3. Lorsqu’il statue sur un recours dirigé contre une décision refusant la délivrance d’une carte de stationnement pour personnes handicapées ou d’une carte « mobilité inclusion » portant la mention « stationnement pour personnes handicapées », il appartient au juge administratif, eu égard tant à la finalité de son intervention qu’à sa qualité de juge de plein contentieux de l’aide et de l’action sociale, non de se prononcer sur les éventuels vices propres de la décision attaquée, mais d’examiner si cette délivrance est justifiée et de se prononcer lui-même sur la demande en recherchant si, au regard des circonstances de fait dont il est justifié par l’une et l’autre parties à la date de sa propre décision, le handicap du demandeur justifie que lui soit délivrée une telle carte.

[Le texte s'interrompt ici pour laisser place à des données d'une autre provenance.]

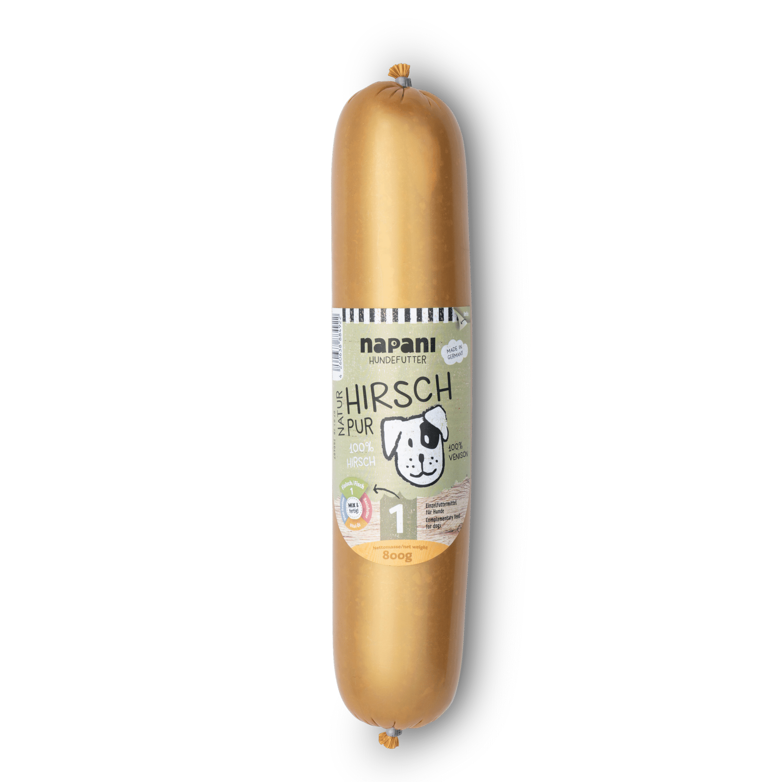 Einfach nur Hirsch – sonst nichts. Wir von napani achten auch für uns selbst bei der Ernährung auf gute Qualität. Deshalb ist es für uns selbstverständlich und wichtig, dass unsere Vierbeiner zum Wohle ihrer Gesundheit auch nur das Beste in den Napf bekommen. Ganz nach dem Motto: «dein Hund ist, was er frisst». Bei uns gibt es nur jeweils eine Fleischquelle in der Wurst – und die wird schonend dampfgegart. So bleiben möglichst viele Vitamine und Mineralstoffe des Fleisches erhalten. Um ein artgerechtes, bedarfsdeckendes Futter zu erhalten, mische unser Basisfutter, Vital-Zusätze und Vital-Öle unter. Mischen ist possible!

4. En vertu de l’annexe de l’arrêté du 3 janvier 2017 pris pour l’application de ces dispositions, le critère relatif à la réduction importante de la capacité et de l’autonomie de déplacement à pied, lesquelles s’apprécient à partir de l’activité relative aux déplacements à l’extérieur, est rempli lorsque la personne a un périmètre de marche limité et inférieur à 200 mètres ou lorsqu’elle a systématiquement recours pour ses déplacements extérieurs soit à une aide humaine, soit à une prothèse de membre inférieur, soit à une canne ou tous autres appareillages manipulés à l’aide d’un ou des deux membres supérieurs (exemple : déambulateur), soit à un fauteuil roulant, y compris lorsqu’elle le manœuvre seule et sans difficulté, soit enfin à une oxygénothérapie.
5. En l’espèce, Mme E est mère de deux enfants mineurs atteints de la drépanocytose homozygote. Elle a déposé une carte mobilité inclusion mention stationnement pour son fils B. Elle avance que l’octroi de cette carte a pour objectif de faciliter son accès aux hôpitaux en cas de crises et permettrait un accès plus rapide aux soins urgents afin d’éviter des conséquences dommageables pour son fils. Toutefois, sans remettre en cause le caractère invalidant de l’état de santé de son enfant, aucune pièce ne permettent de retenir que l’enfant de Mme E serait dans l’impossibilité de se déplacer dans un périmètre inférieur à 200 mètres ou aurait besoin d’une tierce assistance.
6. Il résulte de ce qui précède qu’il y a lieu de rejeter la requête de Mme E dans l’ensemble de ses conclusions.
D E C I D E :
Article 1er : La requête de Mme E est rejetée.
Article 2 : Le présent jugement sera notifié à Mme C E, à Me Shibaba et au département de l’Isère.
Rendu public par mise à disposition au greffe le 23 décembre 2024.
Le président,
J-P. ALa greffière,
A. CHEVALIER
La République mande et ordonne à la préfète de l’Isère en ce qui la concerne ou à tous commissaires de justice à ce requis en ce qui concerne les voies de droit commun contre les parties privées, de pourvoir à l’exécution de la présente décision.